- YOUR ASSIGNMENT -
Leave out the pictures and retype exactly the lines from the one with "Last move : 0-1" through the end of the records.

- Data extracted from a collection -
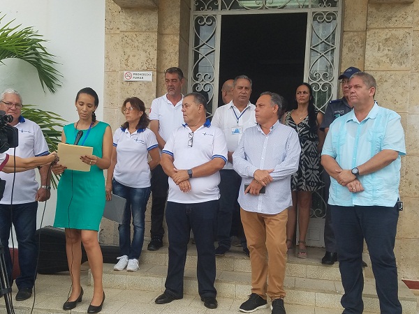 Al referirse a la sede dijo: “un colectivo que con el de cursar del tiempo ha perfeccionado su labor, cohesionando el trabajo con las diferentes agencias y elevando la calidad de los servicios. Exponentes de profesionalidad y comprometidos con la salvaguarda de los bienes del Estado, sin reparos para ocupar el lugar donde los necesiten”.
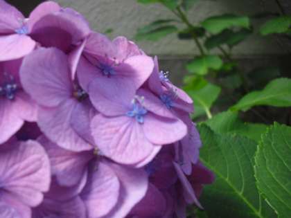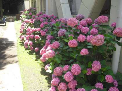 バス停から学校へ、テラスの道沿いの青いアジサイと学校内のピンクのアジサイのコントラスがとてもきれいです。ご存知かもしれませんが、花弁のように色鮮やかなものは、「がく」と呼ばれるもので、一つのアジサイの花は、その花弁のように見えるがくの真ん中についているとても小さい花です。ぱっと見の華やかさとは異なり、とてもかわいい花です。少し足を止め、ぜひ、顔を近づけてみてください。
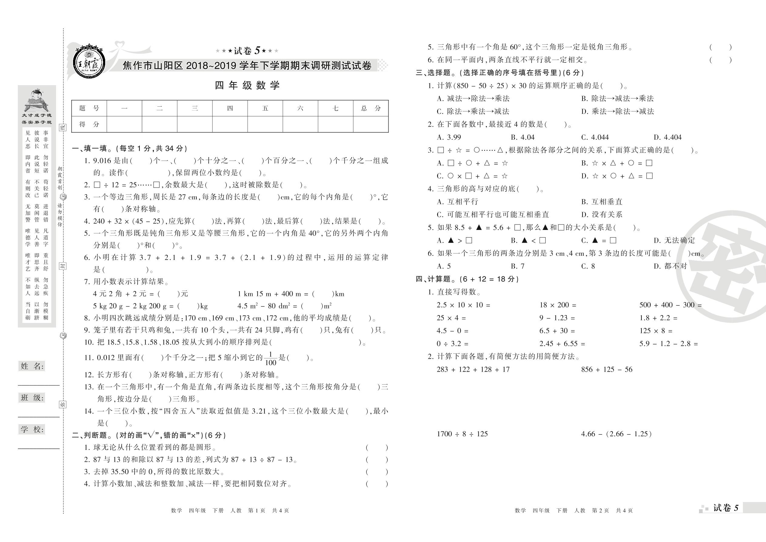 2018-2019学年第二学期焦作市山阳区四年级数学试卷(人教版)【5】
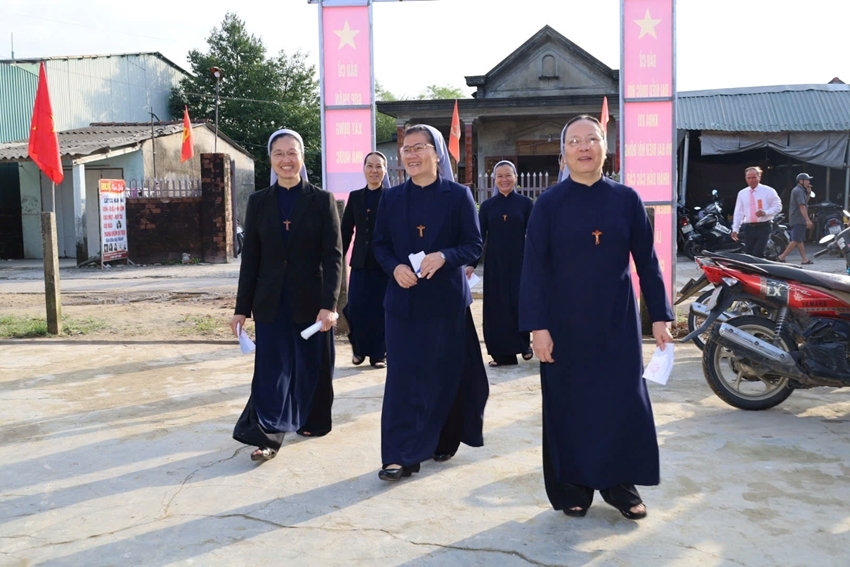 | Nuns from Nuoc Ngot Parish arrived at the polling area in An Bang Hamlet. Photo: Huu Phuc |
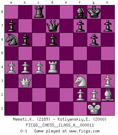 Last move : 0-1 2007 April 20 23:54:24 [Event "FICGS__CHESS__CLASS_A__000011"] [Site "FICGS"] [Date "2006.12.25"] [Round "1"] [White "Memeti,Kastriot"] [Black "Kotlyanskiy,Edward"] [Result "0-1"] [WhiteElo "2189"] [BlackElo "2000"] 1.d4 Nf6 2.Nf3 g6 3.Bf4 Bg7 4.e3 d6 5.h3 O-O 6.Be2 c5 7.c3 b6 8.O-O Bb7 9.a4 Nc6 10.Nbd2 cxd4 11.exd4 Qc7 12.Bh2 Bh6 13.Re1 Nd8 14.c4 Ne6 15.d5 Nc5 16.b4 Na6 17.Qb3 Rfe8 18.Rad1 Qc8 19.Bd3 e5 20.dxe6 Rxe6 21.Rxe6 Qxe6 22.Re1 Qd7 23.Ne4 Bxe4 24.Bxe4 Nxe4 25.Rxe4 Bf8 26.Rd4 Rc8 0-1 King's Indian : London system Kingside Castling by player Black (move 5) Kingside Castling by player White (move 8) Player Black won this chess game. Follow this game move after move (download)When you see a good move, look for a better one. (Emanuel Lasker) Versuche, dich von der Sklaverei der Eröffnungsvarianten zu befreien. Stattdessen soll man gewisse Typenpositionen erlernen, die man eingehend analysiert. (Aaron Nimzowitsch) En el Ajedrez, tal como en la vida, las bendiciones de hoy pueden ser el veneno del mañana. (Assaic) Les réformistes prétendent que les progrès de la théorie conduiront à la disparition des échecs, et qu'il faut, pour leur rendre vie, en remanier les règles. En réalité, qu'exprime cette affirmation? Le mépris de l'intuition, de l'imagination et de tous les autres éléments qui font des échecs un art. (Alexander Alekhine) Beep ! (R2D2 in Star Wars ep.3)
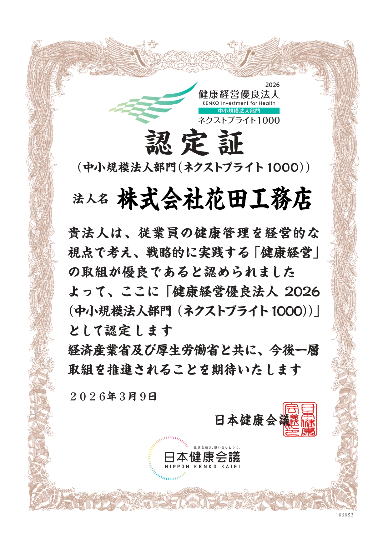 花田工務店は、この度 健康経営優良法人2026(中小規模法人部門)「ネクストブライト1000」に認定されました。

- SOLUTION TO THIS TASK -
 Last move : 0-1 2007 April 20 23:54:24 [Event "FICGS__CHESS__CLASS_A__000011"] [Site "FICGS"] [Date "2006.12.25"] [Round "1"] [White "Memeti,Kastriot"] [Black "Kotlyanskiy,Edward"] [Result "0-1"] [WhiteElo "2189"] [BlackElo "2000"] 1.d4 Nf6 2.Nf3 g6 3.Bf4 Bg7 4.e3 d6 5.h3 O-O 6.Be2 c5 7.c3 b6 8.O-O Bb7 9.a4 Nc6 10.Nbd2 cxd4 11.exd4 Qc7 12.Bh2 Bh6 13.Re1 Nd8 14.c4 Ne6 15.d5 Nc5 16.b4 Na6 17.Qb3 Rfe8 18.Rad1 Qc8 19.Bd3 e5 20.dxe6 Rxe6 21.Rxe6 Qxe6 22.Re1 Qd7 23.Ne4 Bxe4 24.Bxe4 Nxe4 25.Rxe4 Bf8 26.Rd4 Rc8 0-1 King's Indian : London system Kingside Castling by player Black (move 5) Kingside Castling by player White (move 8) Player Black won this chess game. Follow this game move after move (download)When you see a good move, look for a better one. (Emanuel Lasker) Versuche, dich von der Sklaverei der Eröffnungsvarianten zu befreien. Stattdessen soll man gewisse Typenpositionen erlernen, die man eingehend analysiert. (Aaron Nimzowitsch) En el Ajedrez, tal como en la vida, las bendiciones de hoy pueden ser el veneno del mañana. (Assaic) Les réformistes prétendent que les progrès de la théorie conduiront à la disparition des échecs, et qu'il faut, pour leur rendre vie, en remanier les règles. En réalité, qu'exprime cette affirmation? Le mépris de l'intuition, de l'imagination et de tous les autres éléments qui font des échecs un art. (Alexander Alekhine) Beep ! (R2D2 in Star Wars ep.3)
 花田工務店は、この度 健康経営優良法人2026(中小規模法人部門)「ネクストブライト1000」に認定されました。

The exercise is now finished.